Economic Update | Higher Mortgage Rates…For Now

submitted by
Uric Dufrene, Ph.D., Sanders Chair in Business, Indiana University Southeast

As last year ended, the market was expecting several rounds of interest rate cuts. The Fed alone had indicated it would reduce rates three separate times over 2024, and the market was expecting double that. It was around October of 2023 that Fed Chair Jerome Powell uttered that the Fed was about done hiking rates. Equity markets rejoiced and began a 4th quarter surge. From October 2023 to March 2024, the S&P 500 added more than 300 points, increasing by about 28%. The tech-heavy NASDAQ increased by 30%. Since late March and through April, we’ve seen an abrupt reversal. The S&P 500 trimmed 5.5% and the NASDAQ is already down 7%. The culprit is linked to inflation. 

Higher inflation puts upward pressure on the 10-Year Treasury yield, the benchmark for consumer financing costs, including mortgages. In early 2024,  the yield had declined to 3.88 percent. After a series of higher-than-expected inflation reports, the 10-Year Treasury yield is almost hitting 5%, closing at 4.61% last week. Higher rates are supposed to suppress demand because it ultimately affects the cost of financing for both business and consumer loans, including mortgages.    

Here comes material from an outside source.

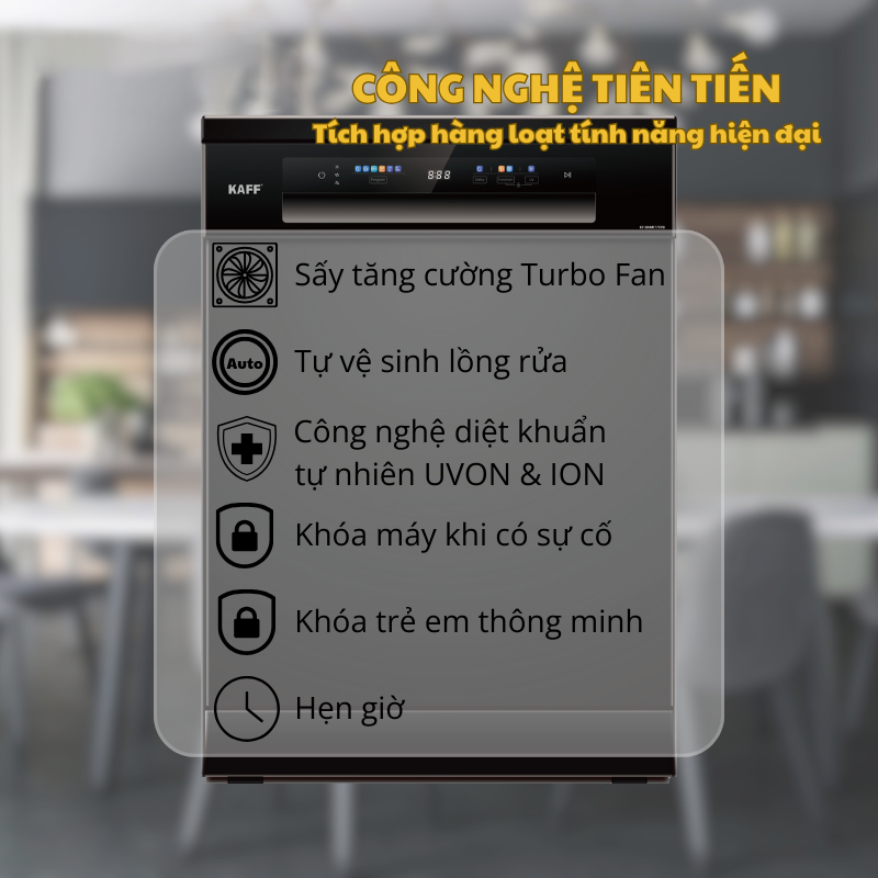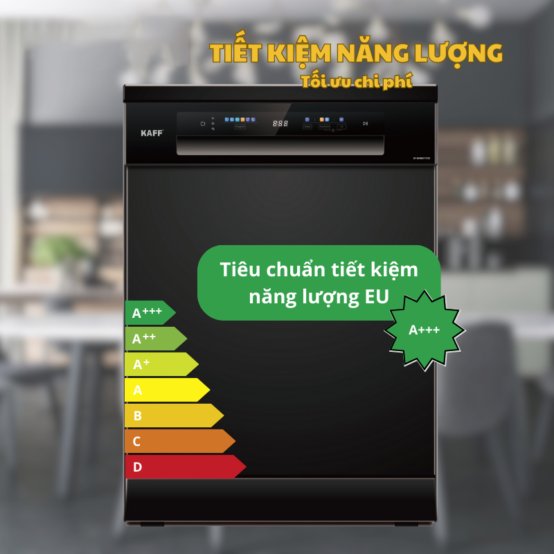 Máy rửa chén Kaff KF-BHMI775YB cũng được trang bị nhiều tính năng an toàn như chức năng khóa máy khi có sự cố, chống rò nước và điều khiển cảm ứng hiện đại trên màn hình Led. Với tiêu chuẩn tiết kiệm năng lượng châu Âu A+++, máy giúp tiết kiệm điện năng mà vẫn đảm bảo hiệu suất rửa tốt nhất.

After hitting almost 8% for a 30-year mortgage in October 2023, mortgage rates had been on a decline since then and hit a recent low of 6.7% in late 2023.  Since the higher-than-expected inflation reports and the upward trajectory of the 10-year Treasury yield, mortgage rates have been climbing since December and have since crossed 7% in April. Excluding the time when rates surpassed 7% late last year, 7% mortgages last appeared in the early 2000s. Rates remaining above 7% will adversely impact building activity, exacerbating the housing supply problem, and placing continued upward pressures on home prices. One of the key reasons for higher inflation is linked to housing, with the last CPI report showing the cost of shelter increasing by 5.7% from the previous year. 

Another reason for higher rates is a continued strong economy. Inflation pressures remain, but higher yields are also driven by a very resilient macroeconomy, driven by the consumer. The last retail sales report showed strong continued spending by consumers, placing additional upward pressure on the 10-year yield. While consumers continue to spend, there are emerging signs of distress.  Delinquencies on credit cards are the highest since 2012, and consumer loan delinquencies now exceed the pre-pandemic level.   Thirty days past due delinquencies for 30-year mortgages have also been increasing since hitting a bottom in June 2021, and are at the highest in four years.

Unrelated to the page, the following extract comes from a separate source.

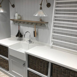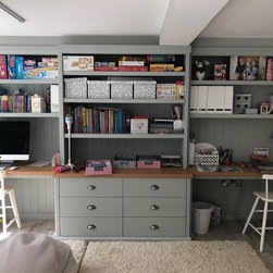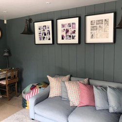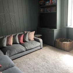 Our clients were keen to make better use of the large basement in their family home and create a series of more useful spaces. Therefore we created a family snug / TV room, a study space for the children, a utility room and a boot room.

The preferred Fed inflation gauge will be out this month, and the FactSet consensus is for a year-over-year rate of 2.6%, with a core (inflation minus the cost of food and energy) reading of 2.7%. If actual rates come in higher than expected, we can expect significant additional stock market choppiness and additional upward pressures on the 10-year yield.  If it is indeed a hotter number, we will see a growing narrative for another rate hike this year, and equity markets will shed additional losses. 

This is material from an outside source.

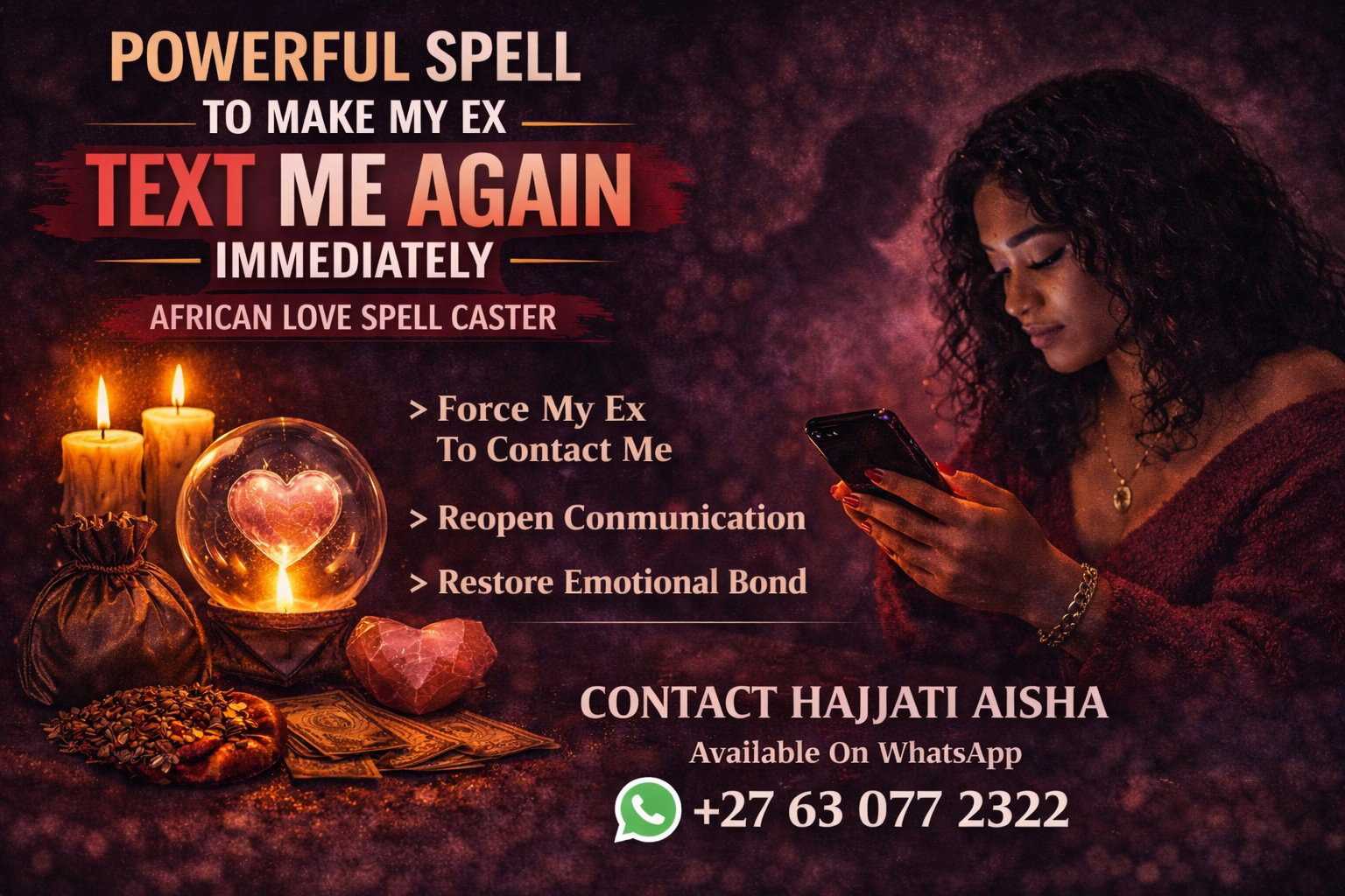 I am Hajjati Aisha, a powerful African love spell caster helping clients across the United States bring their ex back and restore broken relationships. When an ex suddenly stops texting, ignores your messages, or blocks communication, I perform Make My Ex Text Me Spells, Bring Back Ex Love Spells, and Return Lost Lover Rituals designed to force communication to reopen and bring your partner back

What will it take to reverse the recent climbs of the 10-year yield? A weak employment report would be a significant boost to lower rates, along with softer inflation readings. Weaker average hourly earnings increases, along with a reduction in the number of job openings would also work to reverse the climb of the 10-year. All this sounds like bad news, and that is exactly what markets would like to see.  Bad news would put the Fed back on a schedule of rate reductions, and markets would rally. The best combination is weaker inflation reports, along with employment that remains resilient. This would put the nation’s economy back on track for a soft landing.